Centro Pagina - cronaca e attualità

Senigallia

Senigallia, bufera per l'”ironia fuori luogo” sull’orientamento sessuale di un candidato FdI

Attacco frontale da parte di Fratelli d'Italia: «Immagino soltanto cosa sarebbe accaduto, se fosse successo lo stesso episodio, a parti invertite». Moncachesi: «Ecco i manipolatori sciacalli politici per eccellenza»

Massimo Bello
Massimo Bello

SENIGALLIA – Non si placa il botta e risposta tra Massimo Bello (Fratelli d’Italia), candidato al consiglio comunale senigalliese, e l’attuale assessore Enzo Monachesi, che avrebbe appellato con frasi fuori luogo Antonio De Vitto, anche’esso candidato nelle file di Fratelli d’Italia.

Monachesi avrebbe commentato su Facebook la sua scesa in campo con la frase: «Io ti ho sposato mente La Russa e la Meloni ti gridavano recchione», questo il commento oggetto della polemica.

Il post sui social di Monachesi
Il post sui social di Monachesi

«Intervengo soltanto per esprimere la mia piena solidarietà – scrive Bello – all’amico Antonio De Vitto, che conosco da sempre e con cui c’è una profonda e vera amicizia da decenni. Un amico, che ha deciso di candidarsi nelle fila di Fratelli d’Italia alle prossime ed imminenti elezioni comunali di Senigallia. Antonio è sempre stato di destra, non lo ha mai tenuto nascosto. Lo ricordo, insieme a me, in Alleanza Nazionale. In una città, nella quale è davvero difficile essere di destra, considerata la presenza di una sinistra culturalmente invadente e di potere».

«L’ironia del tutto sgradevole su Facebook, di cui Tony è stato vittima, porta la firma – scrive l’esponente del partito di Giorgia Meloni Massimo Bello – dell’attuale assessore della giunta Mangialardi, al secolo Enzo Monachesi, candidato a sostegno di Volpini e del centrosinistra, che lo ha “ridicolizzato per il suo orientamento sessuale”. Un commento non solo fastidioso ed esecrabile, ma anche colmo di vile ed ingenerosa ipocrisia. Davvero di cattivo gusto»

E conclude: «Ovviamente, da sinistra, alcun messaggio di solidarietà per De Vitto, neppure dallo stesso assessore. Tanto meno alcuna condanna dell’episodio da parte di quanti, a sinistra, si fregiano dell’arcobaleno, quale simbolo di pace e di solidarietà! Immagino soltanto cosa sarebbe accaduto, se fosse successo lo stesso episodio, a parti invertite!».

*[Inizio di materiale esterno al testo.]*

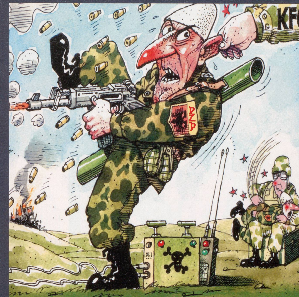
Irgend etwas klappt einfach nicht im Kosovo.
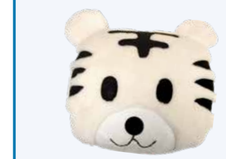
非賣品 SA803 如意虎 - 米白 *送罄為止
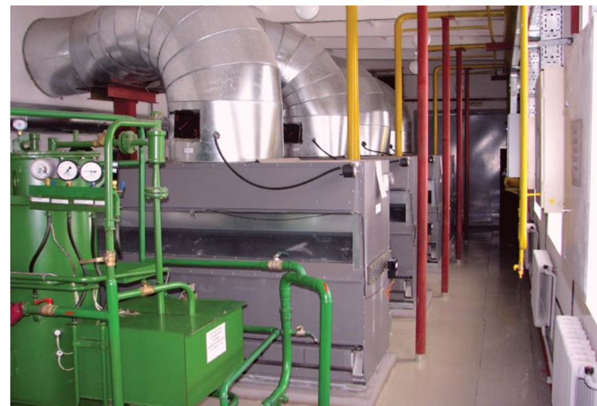
Газовая котельная №14 по ул. Пролетарская 100а, г. Батайск

На сегодняшний день актуальная проектная документация уже имеется по 33 объектам. Таким образом обеспеченность инвестиционной программой проектной документацией составляет 35,3% от количества объектов или 55% от суммы капложений.
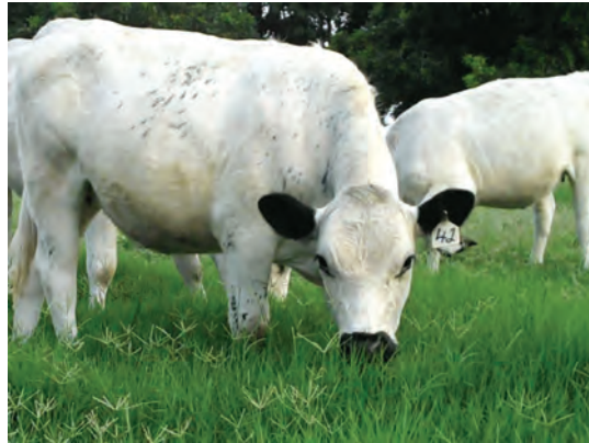
تغذیه دام از مرتع

تغذیه دام در چراگاه و جایگاه، هر کدام دارای چه مزایا و معایبی هستند؟
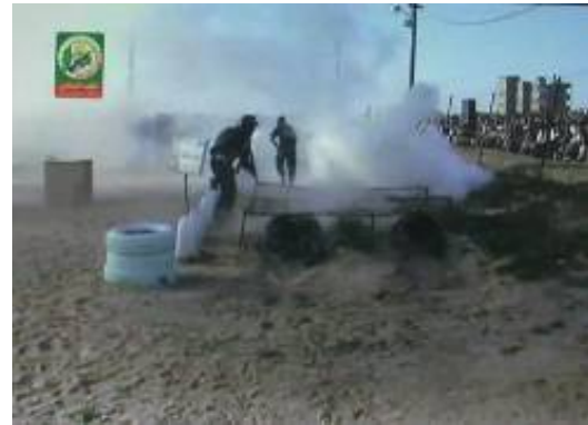
Übungen auf dem Gelände der Akademie
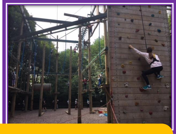
A day participating in outdoor and adventurous activities at Baggeridge Park.
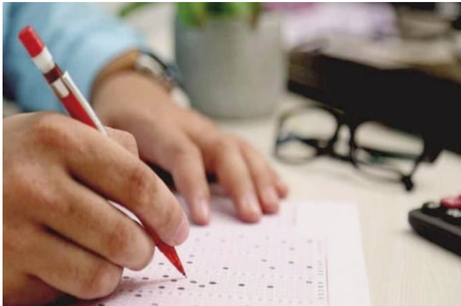
उम्मीदवारों का कल्याण एकमात्र चिंता 24 लाख NEET गांधी ने मंगलवार को प्रधानमंत्री को

नई दिल्ली लोकसभा में नेता प्रतिपक्ष राहुल गांधी ने मंगलवार को प्रधानमंत्री नरेन्द्र मोदी को पत्र लिखकर आग्रह किया कि मेडिकल प्रवेश परीक्षा 'नीट' में कथित अनियमितता के मुद्दे पर सदन में चर्चा कराई जाए। उन्होंने कहा कि राष्ट्रीय पात्रता सह प्रवेश परीक्षा (नीट) पर चर्चा कराने के विपक्ष के अनुरोध को गत 28 जून और बीते सोमवार को टुकरा दिया गया था, लेकिन लोकसभा अध्यक्ष ओम बिरला ने विपक्ष को आश्वासन दिया था कि वह सरकार के साथ इस मामले पर चर्चा करेंगे।
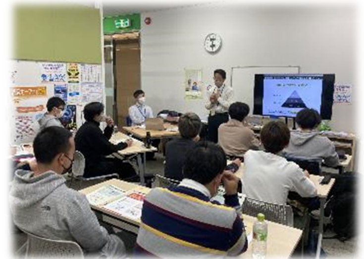
新規創業者セミナーの様子
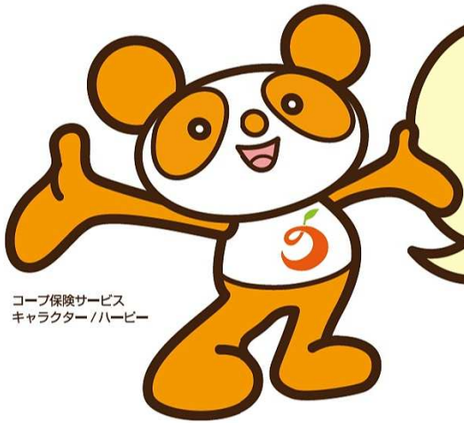
コープ保険サービス キャラクター/ハービー
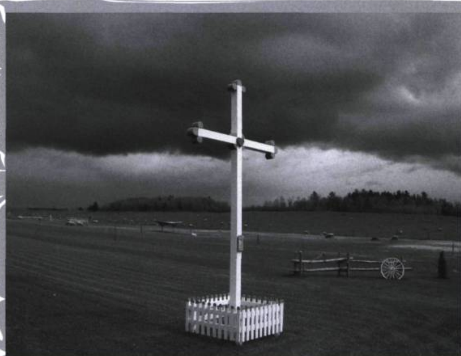
Croix simple, à Lorrainville, au Témiscamingue.

Al riguardo è intervenuto anche Andrea Cesanelli di + Europa + Senigallia: «Fa piacere vedere che un esponente di destra, sia pure solo locale, si prodighi a difendere un omosessuale da quello che viene percepito come un attacco di genere; ci piace pensare che i costumi e le idee di questo nostro Paese sono così progrediti che anche le formazioni politiche, diciamo più conservatrici, sembrano trovare nel rispetto e nella tolleranza un valore condiviso e condivisibile. Noi di +Senigallia, espressione locale di +Europa, non possiamo che associarci nella stigmatizzazione di qualunque attacco fatto ad una persona solo per il suo orientamento sessuale. Le nostre origini ci portano, per Dna politico, a difendere senza dubbi o esitazioni i membri di qualunque minoranza quando essi vengono attaccati solo e soltanto per essere appunto membri di una minoranza e nient’altro. De Vitto come Bello sono per noi, come per Monachesi, degli avversari politici ma se attaccati saranno, saranno attaccati intorno alle loro capacità o non capacità politiche, amministrative, comunicative. Ma se è vero che l’uscita di Monachesi è stata discutibile, è anche vero che viene il sospetto che abbia stimolato una reazione più che altro perché tocca un tasto delicato e fragile ovvero il rapporto tra l’ideologia di Fratelli d’Italia e la considerazione che in esso si fa dei diritti delle minoranze»

Enzo Monachesi
Enzo Monachesi

«Ma quale ironia – ha respinto al mittente le accuse l’assessore Monachesi -; ecco i manipolatori sciacalli politici per eccellenza… Sì, lo ripeto con convinzione: quando io lottavo per i diritti della comunità gay tutta i rappresentanti di questo partito non solo erano contrari a qualsiasi legge a favore di nuovi diritti per la comunità omosessuale ma apostrofavano in maniera becera l’attuale candidato. Rimane nel mio cuore l’emozione grande di quel giorno speciale in cui io e il sindaco Mangialardi con grande felicità e orgoglio celebrammo il primo matrimonio tra due uomini innamorati».